## Given data
--------------------

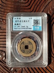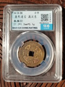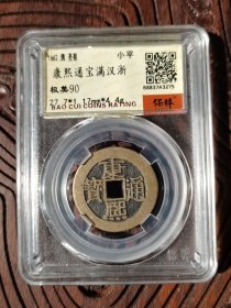 这枚康熙通宝满汉浙(保粹极美90分),品相优异,市场参考价约200 - 300元。其版别特征突出,铜质精良,评级认证为收藏提供保障,是康熙满汉文系列中颇具吸引力的品种,市场交易活跃,适合各类藏家收藏。
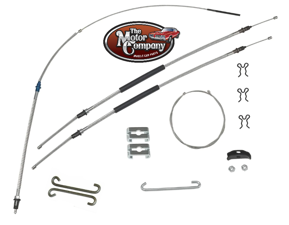 1968-72 GM A-body Parking brake cable kits with Hardware for turbo 400 trans. This set is for the T400 trans cars. This is the long transmission cross mount hook and the 2 side floor pan hooks, connectors, equalizer with nuts, and cable clips.
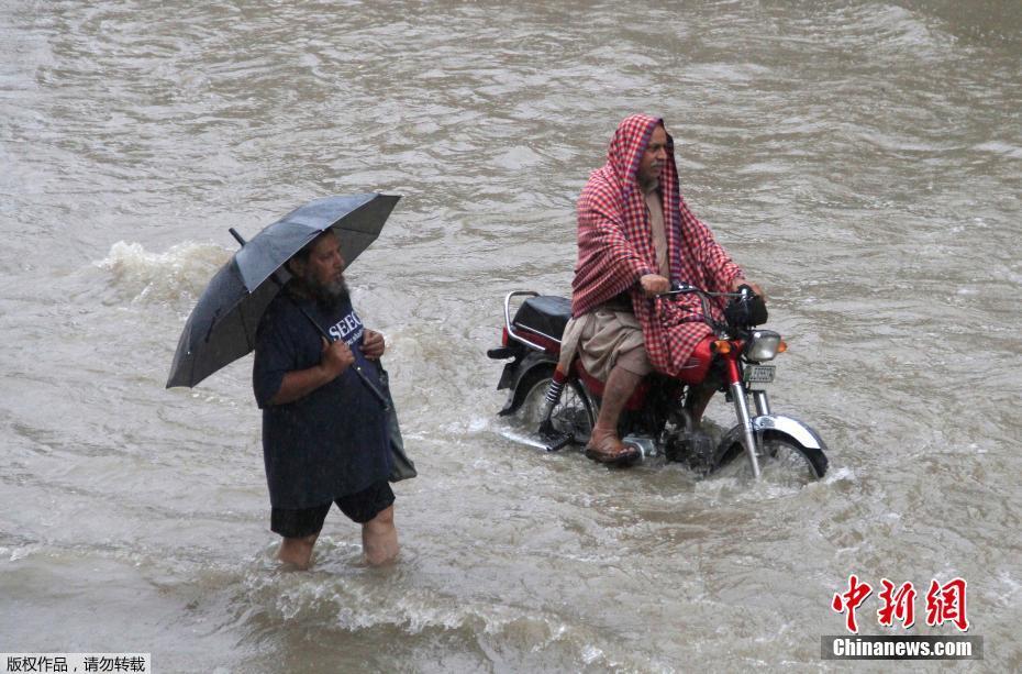 巴基斯坦拉合尔遇38年最大降雨 街头一片汪洋
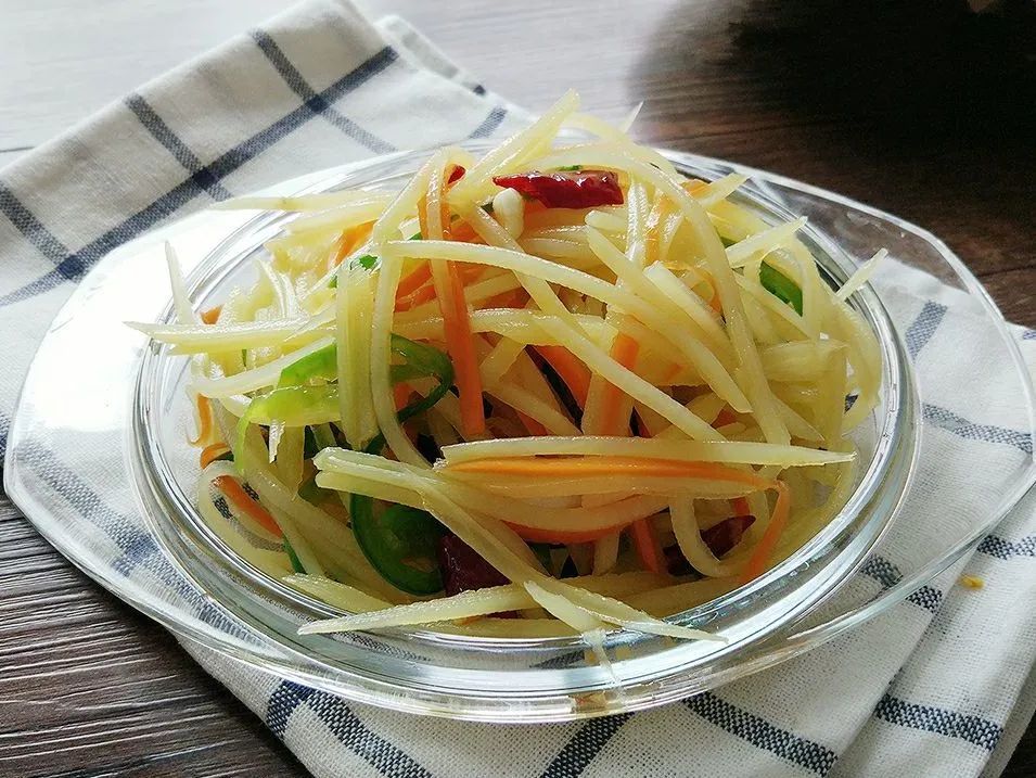 1、土豆和胡萝卜去皮切丝,并将土豆丝用凉水泡一会儿捞出

--------------------

## What you will do
Ignoring the pictures, write out word for word the lines from the line containing "1968-72 GM A-body" through the end of the material above.

## Answer area
 1968-72 GM A-body Parking brake cable kits with Hardware for turbo 400 trans. This set is for the T400 trans cars. This is the long transmission cross mount hook and the 2 side floor pan hooks, connectors, equalizer with nuts, and cable clips.
 巴基斯坦拉合尔遇38年最大降雨 街头一片汪洋
 1、土豆和胡萝卜去皮切丝,并将土豆丝用凉水泡一会儿捞出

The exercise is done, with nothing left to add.